- [Activity]: Read through the listing below and copy each line in which the word "that" occurs.

- [Information shown]:
-- Opening Marker --
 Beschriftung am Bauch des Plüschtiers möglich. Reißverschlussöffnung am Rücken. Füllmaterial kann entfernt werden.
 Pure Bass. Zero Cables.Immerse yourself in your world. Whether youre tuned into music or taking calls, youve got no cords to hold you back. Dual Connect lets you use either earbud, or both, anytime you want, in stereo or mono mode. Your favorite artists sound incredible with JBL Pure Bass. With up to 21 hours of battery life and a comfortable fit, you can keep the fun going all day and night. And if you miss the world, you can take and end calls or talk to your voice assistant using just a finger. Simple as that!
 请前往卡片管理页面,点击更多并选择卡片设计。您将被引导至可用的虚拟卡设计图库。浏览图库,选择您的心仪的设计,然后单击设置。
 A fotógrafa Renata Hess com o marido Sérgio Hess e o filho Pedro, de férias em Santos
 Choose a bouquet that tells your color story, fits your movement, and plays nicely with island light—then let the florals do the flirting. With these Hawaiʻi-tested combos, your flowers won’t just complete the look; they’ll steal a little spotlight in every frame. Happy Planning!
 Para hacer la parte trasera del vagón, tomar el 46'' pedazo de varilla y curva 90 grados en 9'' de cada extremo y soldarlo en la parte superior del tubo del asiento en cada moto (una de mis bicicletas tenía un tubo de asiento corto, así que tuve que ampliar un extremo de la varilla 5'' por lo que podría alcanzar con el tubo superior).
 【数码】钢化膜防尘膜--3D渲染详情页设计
-- Closing Marker --
-- Opening Marker --
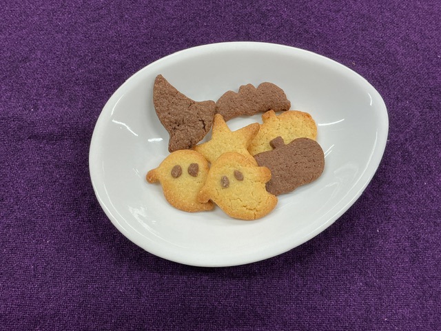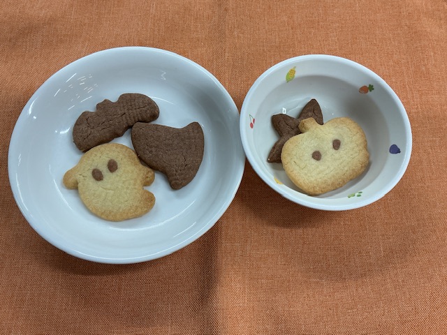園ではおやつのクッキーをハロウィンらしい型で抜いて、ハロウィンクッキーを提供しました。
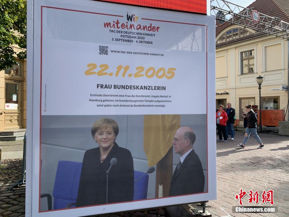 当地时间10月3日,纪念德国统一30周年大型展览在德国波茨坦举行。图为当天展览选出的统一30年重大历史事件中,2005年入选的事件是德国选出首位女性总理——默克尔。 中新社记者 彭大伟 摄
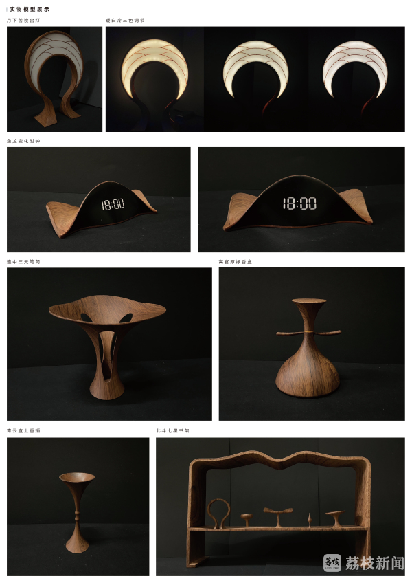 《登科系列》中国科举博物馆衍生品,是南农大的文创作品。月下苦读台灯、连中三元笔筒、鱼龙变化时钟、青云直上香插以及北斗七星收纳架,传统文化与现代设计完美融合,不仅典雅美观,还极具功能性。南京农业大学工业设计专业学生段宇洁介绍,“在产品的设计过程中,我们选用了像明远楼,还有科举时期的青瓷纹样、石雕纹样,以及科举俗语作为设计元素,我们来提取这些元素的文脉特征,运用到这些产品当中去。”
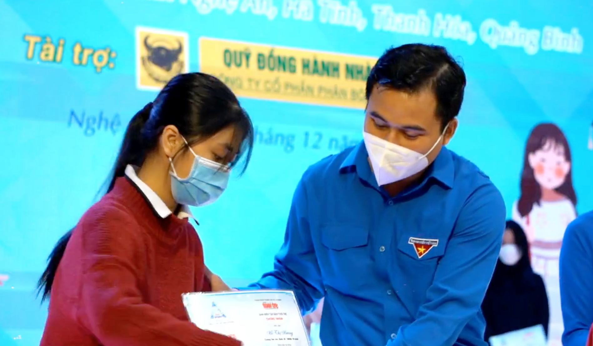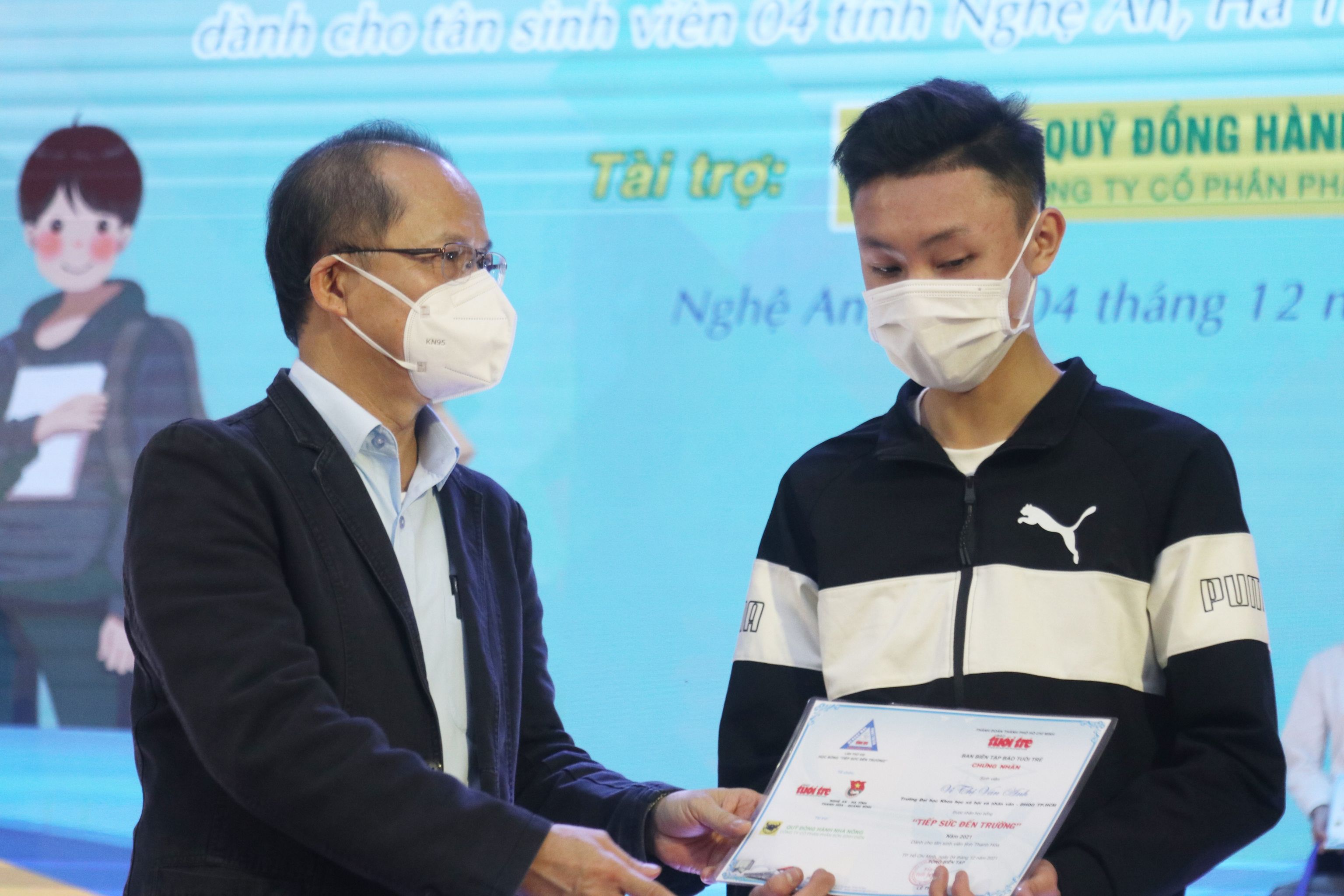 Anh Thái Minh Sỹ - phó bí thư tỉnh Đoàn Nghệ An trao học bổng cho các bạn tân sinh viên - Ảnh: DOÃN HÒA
-- Closing Marker --
-- Opening Marker --
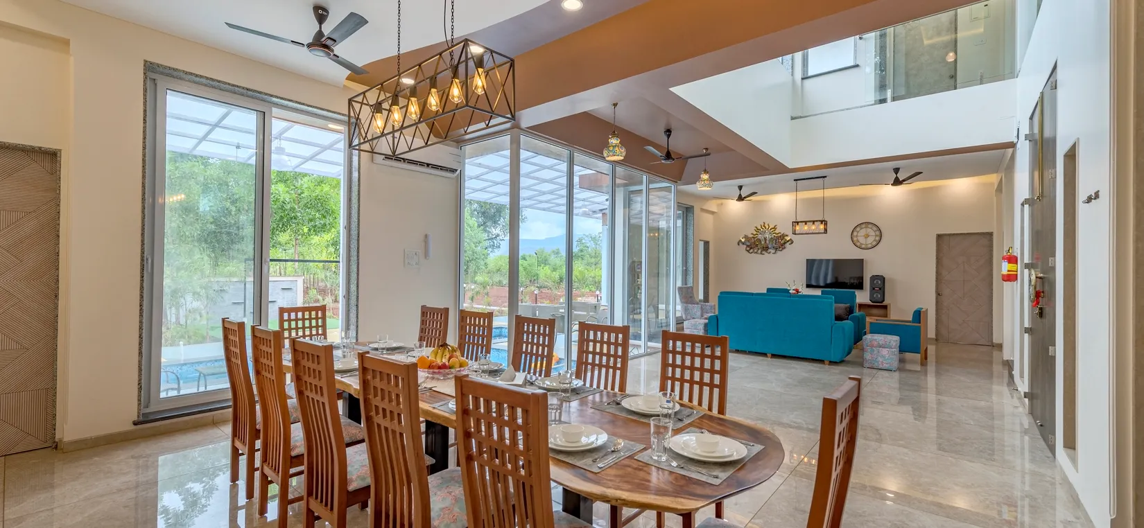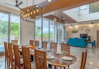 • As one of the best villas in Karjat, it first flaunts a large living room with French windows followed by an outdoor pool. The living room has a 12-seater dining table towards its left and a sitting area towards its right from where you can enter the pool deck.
-- Closing Marker --
- [Response]:
 Pure Bass. Zero Cables.Immerse yourself in your world. Whether youre tuned into music or taking calls, youve got no cords to hold you back. Dual Connect lets you use either earbud, or both, anytime you want, in stereo or mono mode. Your favorite artists sound incredible with JBL Pure Bass. With up to 21 hours of battery life and a comfortable fit, you can keep the fun going all day and night. And if you miss the world, you can take and end calls or talk to your voice assistant using just a finger. Simple as that!
 Choose a bouquet that tells your color story, fits your movement, and plays nicely with island light—then let the florals do the flirting. With these Hawaiʻi-tested combos, your flowers won’t just complete the look; they’ll steal a little spotlight in every frame. Happy Planning!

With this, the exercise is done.